PROBLEM TO SOLVE: When you reach the line with "그래서 이러한 컬처덱에" in the records below, begin transcribing exactly and continue up to and including the line with "黒スカートに黒タイツでも良い", leaving out every picture.

PROVIDED RECORDS:
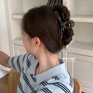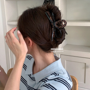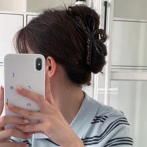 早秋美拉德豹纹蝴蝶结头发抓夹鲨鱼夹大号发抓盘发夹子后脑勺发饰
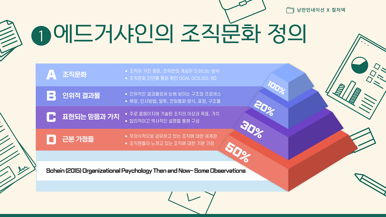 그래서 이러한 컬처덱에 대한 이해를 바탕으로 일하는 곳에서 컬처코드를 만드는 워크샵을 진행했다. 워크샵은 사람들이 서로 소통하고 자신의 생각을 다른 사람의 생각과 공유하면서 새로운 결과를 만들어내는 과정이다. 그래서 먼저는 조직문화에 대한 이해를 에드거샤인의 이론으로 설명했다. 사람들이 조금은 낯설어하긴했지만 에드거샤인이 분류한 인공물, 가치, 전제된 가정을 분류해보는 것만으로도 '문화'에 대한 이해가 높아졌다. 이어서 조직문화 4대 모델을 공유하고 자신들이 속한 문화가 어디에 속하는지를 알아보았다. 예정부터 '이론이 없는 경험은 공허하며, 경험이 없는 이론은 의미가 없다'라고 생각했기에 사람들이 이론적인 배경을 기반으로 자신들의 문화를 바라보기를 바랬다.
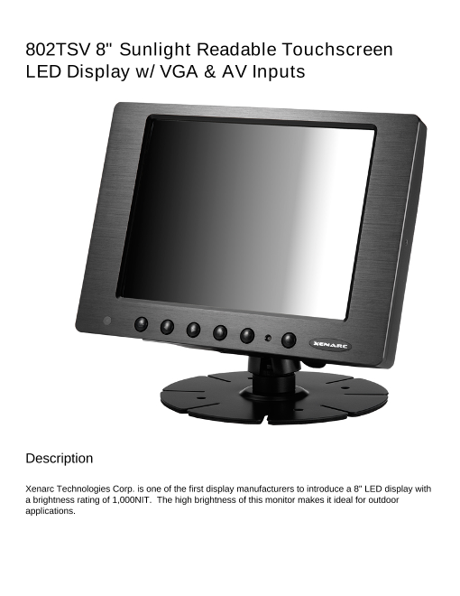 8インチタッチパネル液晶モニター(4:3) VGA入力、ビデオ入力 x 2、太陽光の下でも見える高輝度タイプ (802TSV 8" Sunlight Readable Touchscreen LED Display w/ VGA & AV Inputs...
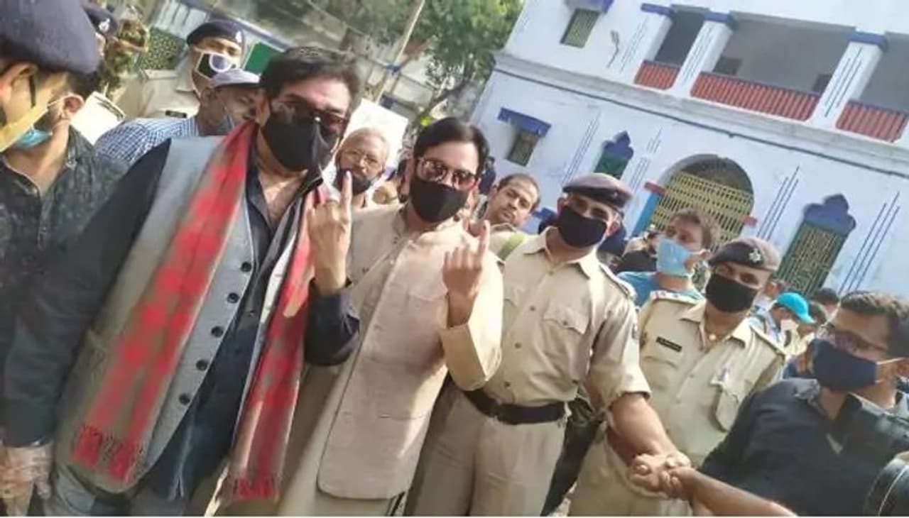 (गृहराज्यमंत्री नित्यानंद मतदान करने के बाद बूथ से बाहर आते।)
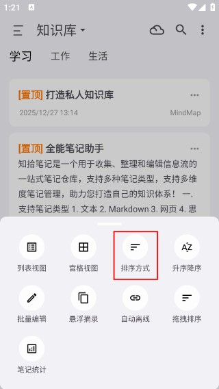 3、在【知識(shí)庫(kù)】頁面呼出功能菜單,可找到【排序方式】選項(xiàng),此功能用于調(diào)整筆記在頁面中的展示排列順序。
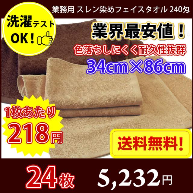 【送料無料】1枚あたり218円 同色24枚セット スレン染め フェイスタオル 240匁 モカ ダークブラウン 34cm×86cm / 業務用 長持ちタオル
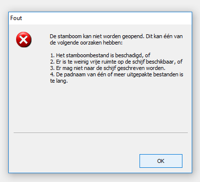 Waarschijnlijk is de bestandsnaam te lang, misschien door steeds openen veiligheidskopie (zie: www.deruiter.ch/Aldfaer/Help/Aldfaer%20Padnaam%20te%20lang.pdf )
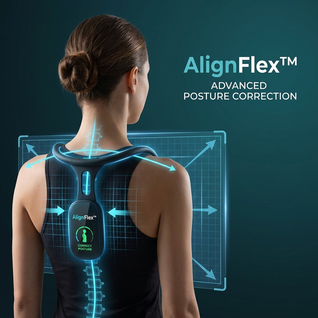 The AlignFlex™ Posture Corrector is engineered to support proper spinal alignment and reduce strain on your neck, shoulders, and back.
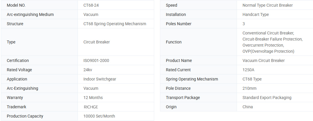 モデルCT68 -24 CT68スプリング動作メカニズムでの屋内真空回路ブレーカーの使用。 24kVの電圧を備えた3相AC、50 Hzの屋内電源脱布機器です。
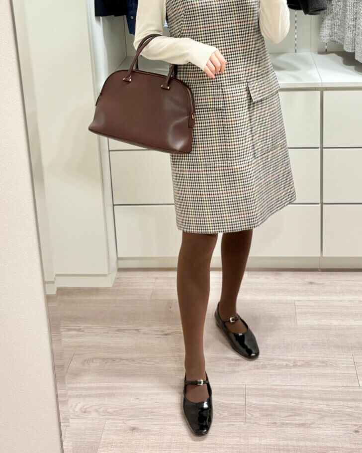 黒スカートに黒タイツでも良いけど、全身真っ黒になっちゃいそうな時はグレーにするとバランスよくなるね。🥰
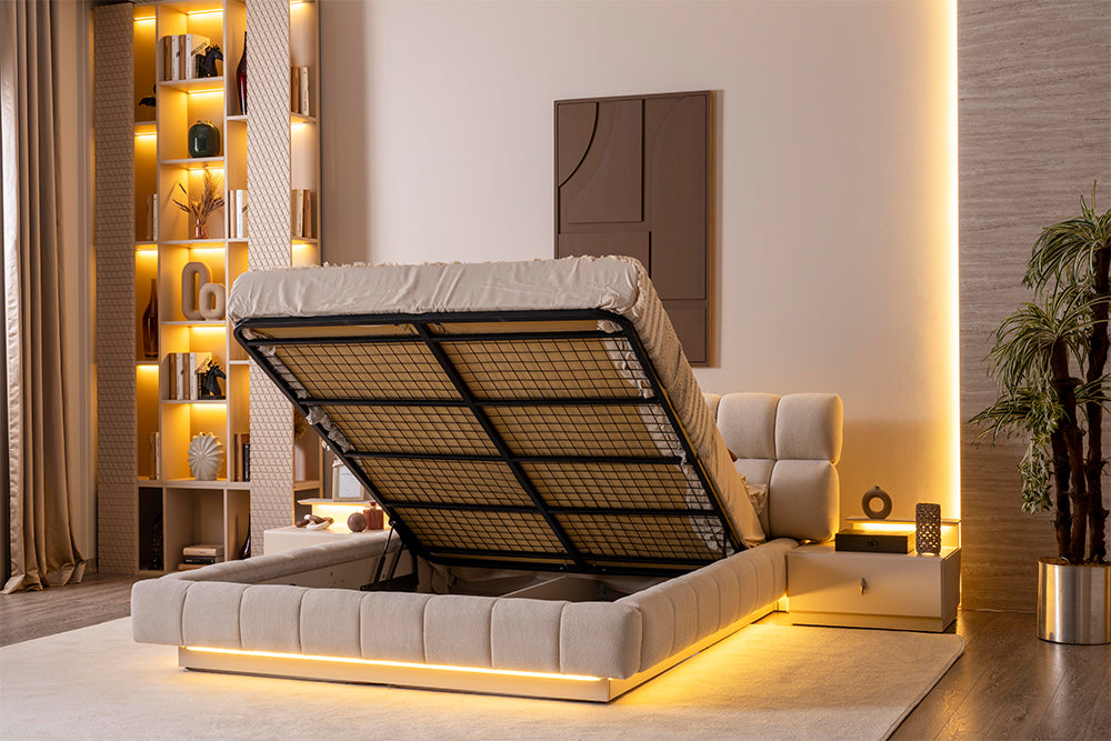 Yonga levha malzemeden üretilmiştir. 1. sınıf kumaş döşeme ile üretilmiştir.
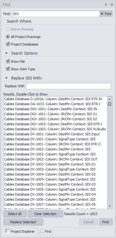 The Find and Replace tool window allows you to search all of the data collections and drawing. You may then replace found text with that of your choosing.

...

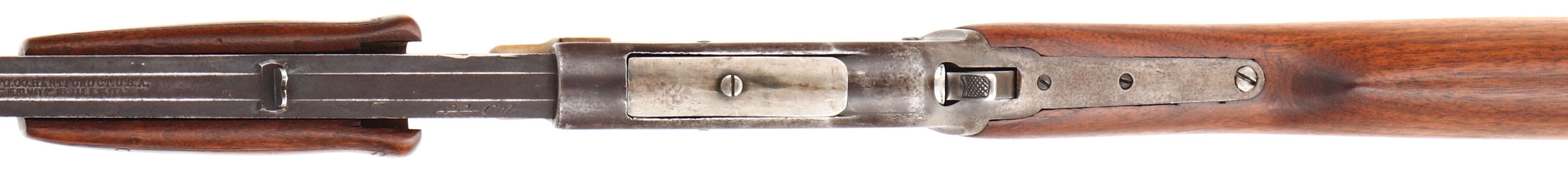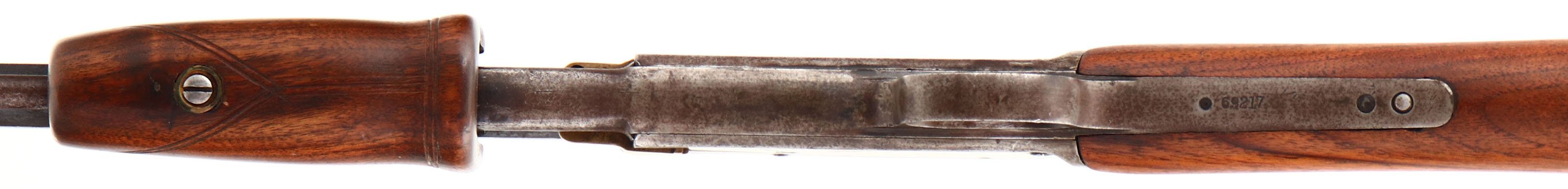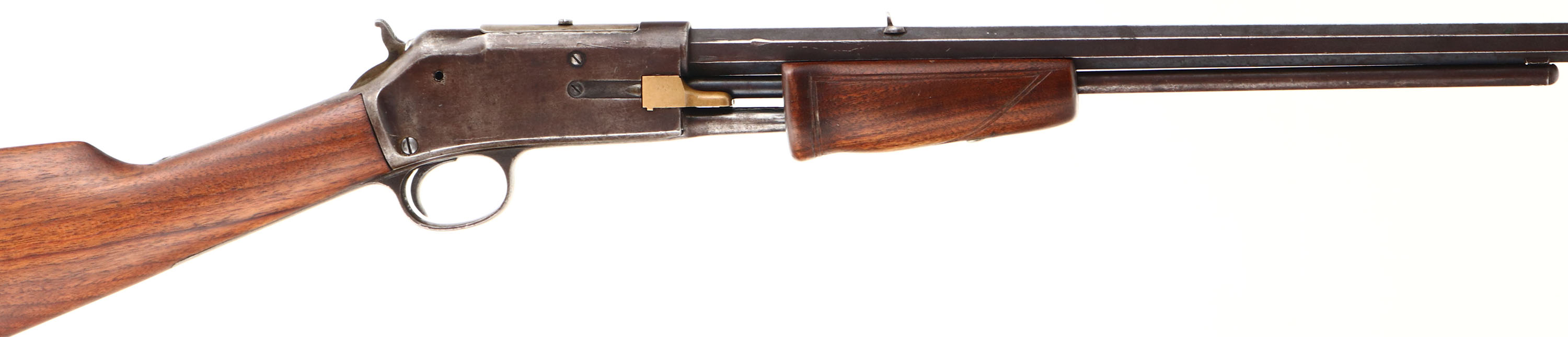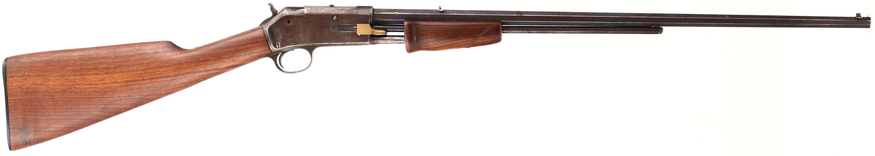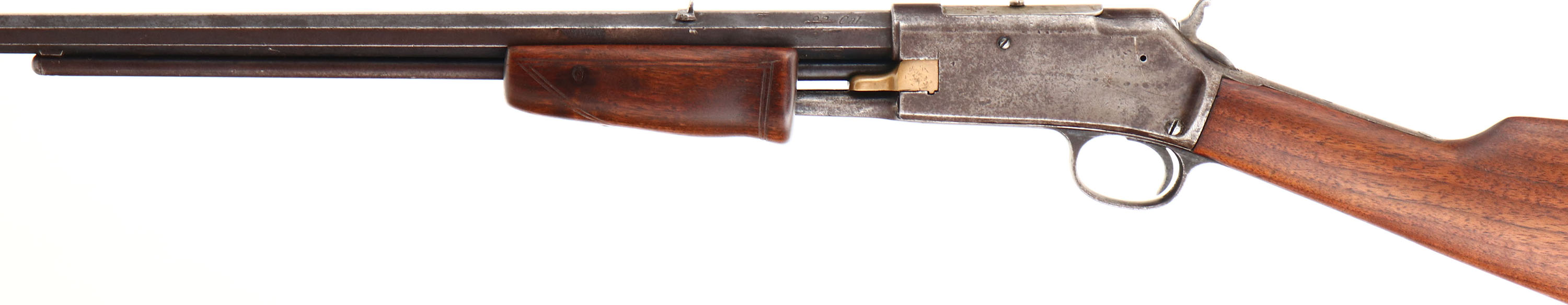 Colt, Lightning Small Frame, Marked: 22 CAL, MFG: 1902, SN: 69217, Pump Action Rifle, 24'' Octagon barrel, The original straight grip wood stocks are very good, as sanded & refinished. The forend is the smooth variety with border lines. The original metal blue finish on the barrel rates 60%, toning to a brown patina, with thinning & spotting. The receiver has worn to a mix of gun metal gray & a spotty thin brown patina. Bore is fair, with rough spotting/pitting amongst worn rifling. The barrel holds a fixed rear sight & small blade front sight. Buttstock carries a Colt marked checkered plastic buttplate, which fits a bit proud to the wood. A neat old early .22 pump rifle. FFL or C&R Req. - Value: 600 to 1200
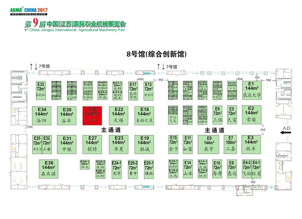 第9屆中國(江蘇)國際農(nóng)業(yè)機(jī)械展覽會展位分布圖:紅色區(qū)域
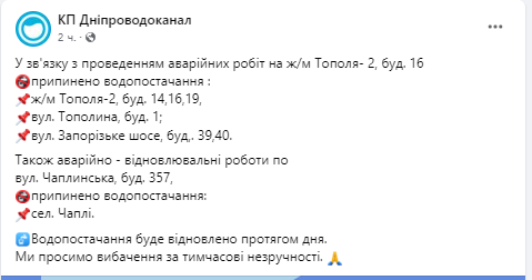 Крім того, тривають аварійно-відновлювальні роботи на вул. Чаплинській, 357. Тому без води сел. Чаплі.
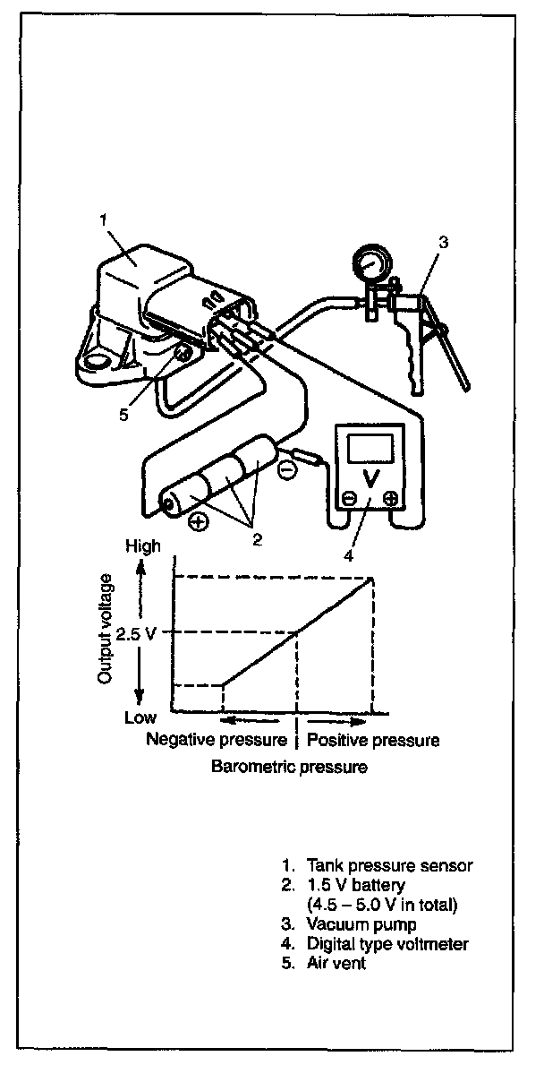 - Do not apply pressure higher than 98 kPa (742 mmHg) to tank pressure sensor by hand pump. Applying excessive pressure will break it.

SOLUTION FOR THIS TASK:
 그래서 이러한 컬처덱에 대한 이해를 바탕으로 일하는 곳에서 컬처코드를 만드는 워크샵을 진행했다. 워크샵은 사람들이 서로 소통하고 자신의 생각을 다른 사람의 생각과 공유하면서 새로운 결과를 만들어내는 과정이다. 그래서 먼저는 조직문화에 대한 이해를 에드거샤인의 이론으로 설명했다. 사람들이 조금은 낯설어하긴했지만 에드거샤인이 분류한 인공물, 가치, 전제된 가정을 분류해보는 것만으로도 '문화'에 대한 이해가 높아졌다. 이어서 조직문화 4대 모델을 공유하고 자신들이 속한 문화가 어디에 속하는지를 알아보았다. 예정부터 '이론이 없는 경험은 공허하며, 경험이 없는 이론은 의미가 없다'라고 생각했기에 사람들이 이론적인 배경을 기반으로 자신들의 문화를 바라보기를 바랬다.
 8インチタッチパネル液晶モニター(4:3) VGA入力、ビデオ入力 x 2、太陽光の下でも見える高輝度タイプ (802TSV 8" Sunlight Readable Touchscreen LED Display w/ VGA & AV Inputs...
 (गृहराज्यमंत्री नित्यानंद मतदान करने के बाद बूथ से बाहर आते।)
 3、在【知識(shí)庫(kù)】頁面呼出功能菜單,可找到【排序方式】選項(xiàng),此功能用于調(diào)整筆記在頁面中的展示排列順序。
 【送料無料】1枚あたり218円 同色24枚セット スレン染め フェイスタオル 240匁 モカ ダークブラウン 34cm×86cm / 業務用 長持ちタオル
 Waarschijnlijk is de bestandsnaam te lang, misschien door steeds openen veiligheidskopie (zie: www.deruiter.ch/Aldfaer/Help/Aldfaer%20Padnaam%20te%20lang.pdf )
 The AlignFlex™ Posture Corrector is engineered to support proper spinal alignment and reduce strain on your neck, shoulders, and back.
 モデルCT68 -24 CT68スプリング動作メカニズムでの屋内真空回路ブレーカーの使用。 24kVの電圧を備えた3相AC、50 Hzの屋内電源脱布機器です。
 黒スカートに黒タイツでも良いけど、全身真っ黒になっちゃいそうな時はグレーにするとバランスよくなるね。🥰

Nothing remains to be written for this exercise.